Yeni Üyelik
6.
Bölüm

°Y° 6

@sukunettekelimeler

~Hümeyra


Odanın kapısında sessizce dikildim ve içeride oturan adama baktım. Yine başını iki elinin arasına almış ve uzaklara dalmıştı Emir Serkan. Kaç gündür onu böyle huzursuz, yorgun, dertli ve acı çeker halde görmek benim de içimde bir yerlerde sızıya sebep oluyordu. Böyle sıkıntılı bir hâldeyken ona kıyamıyordum.


Nikahta keramet vardır derler ya hani, inanıyordum bu söze.
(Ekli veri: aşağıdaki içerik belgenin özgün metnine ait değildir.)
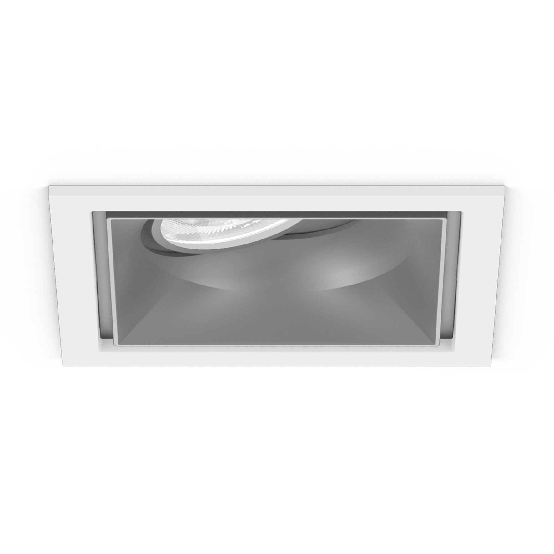 Einbaustrahler quadratisch aus Aluminiumdruckguss; 1-flammig; Oberfläche Matt Silber; 30° schwenkbar; werkzeuglose Montage im Montageset durch patentiertes Kugelschnappsystem; quadratisches Einbaugehäuse; mit umlaufendem Rand Verkehrsweiß; geeignet für Deckenstärken von 2-25 mm; passive Kühlung der LEDs durch optimierte Kühlkörpergeometrie; mit COB (Chip on Board) Technologie für höchste Effizienz; keine Bildung von Mehrfachschatten; Lichtfarbe 3000 K; Binning initial MacAdam ≤ 2 SDCM; CRI ≥ 90; min. 80% des Lichtstromes nach 50000 Betriebsstunden; energieeffiziente LEDs mit hoher Farbwiedergabe; inkl. hochwertiger Linsenoptik; präzise Abstrahlcharakteristik mit 31°x33° Ausstrahlwinkel; UGR ≤ 16; bildschirmtaugliche Arbeitsplatzleuchte nach DIN EN 12464-1; Leuchtdichte über 65° ≤ 3000 cd/m²; Schutzart IP40 unten (oben IP20); SK2 220-240V; inkl. Konverter, nicht dimmbar; Anschlussdose für Weiterverdrahtung, 3-polig oder 5-polig, als Zubehör erhältlich; Zubehör wird separat angeführt; Lichtquelle durch autorisierte Fachleute austauschbar; Betriebsgerät durch autorisierte Fachleute austauschbar;

Ben kendime söylemeye çekinsem de seviyordum bu adamı işte. Bu yüzden her tavrı dokunuyordu, canımı yakıyordu. Ben onunla gülümsemek, sıcak anlar paylaşmak istiyordum. Oysa şimdiye dek kış mevsimi yaşayıp durmuştuk. Aramıza rüzgarlar ve soğuklar döşemişti çoğunlukla.


Kapalı gözlerini bir oflamayla açtı ve başını kaldırdı. Aniden beni görünce oturduğu yerden kalktı. Dün gece yine geç gelmiş, sanki benimle değil de o koltukla nikahlanmış gibi yine o koltuğa gidivermişti. Zaten ben de onunla değil eviyle evlendiğimi düşünüyordum.
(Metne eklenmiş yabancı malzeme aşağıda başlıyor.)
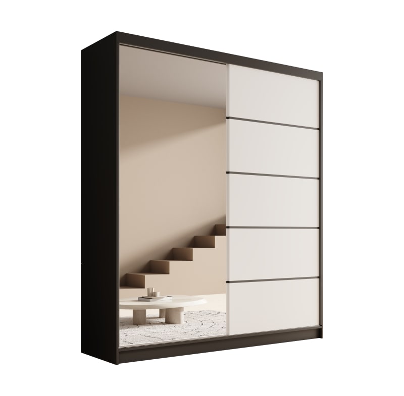 A Nico 180 tolószekrény tükörrel elegáns és funkcionális megoldás a modern belső terekbe. Kiváló minőségű, 16 mm vastag laminált lapból készült, így biztosítja a tartósságot és a sérülésekkel szembeni ellenállást. Tágas kialakítású, 180_cm széles, így ideális ruhák és egyéb kiegészítők tárolására. Tükörrel felszerelt tolóajtói optikailag megnövelik a teret, könnyedséget és stílust kölcsönözve a belső térnek. Egyszerű, mégis elegáns kialakításának köszönhetően a szekrény tökéletesen illeszkedik a különböző elrendezésekbe – a klasszikustól a modernig. Funkcionalitás, esztétikum és helytakarékosság teszi kiváló választássá bármely lakásba.

"Ben de tam çıkıyordum," deyip yine anlamsızca beni soru işaretleriyle bırakıp gitmeye kalktı.


"Kahvaltı hazırlamıştım."


"Sen yersin, ben yemeyeceğim."


Bir haftadır iyice çöktüğünü anlamıyordu sanırım! Evde zaten yemiyordu; hep bir gitmeler, uzaklaşmalar. Anlaşılan dışarıda da pek bir şey yemiyordu. Süzülmüştü iyice. Millet evlenince kilo alırken bizimki veriyordu.


"İki kişilik hazırladım."


"Yemeyeceğim, Hümeyra. İştahım yok."


Kaç gündür ses etmiyordum Emir Serkan'a, o gün o halde eve gelmişti ve problemleri vardı diye. Fakat yine basmıştı damarıma. Cidden yorulmaya başlamıştım. Hayır yani, derdini benimle paylaşmasını istiyordum, ona da yanaşmıyordu. Destek olmak istiyordum, müsaade etmiyordu. Ben sana karşı bir yanlış mı yaptım, benimle mi alakalı diyordum, kesin bir idlle hayır diyordu. Sabır da bir yere kadardı. Kendimi tutamadım.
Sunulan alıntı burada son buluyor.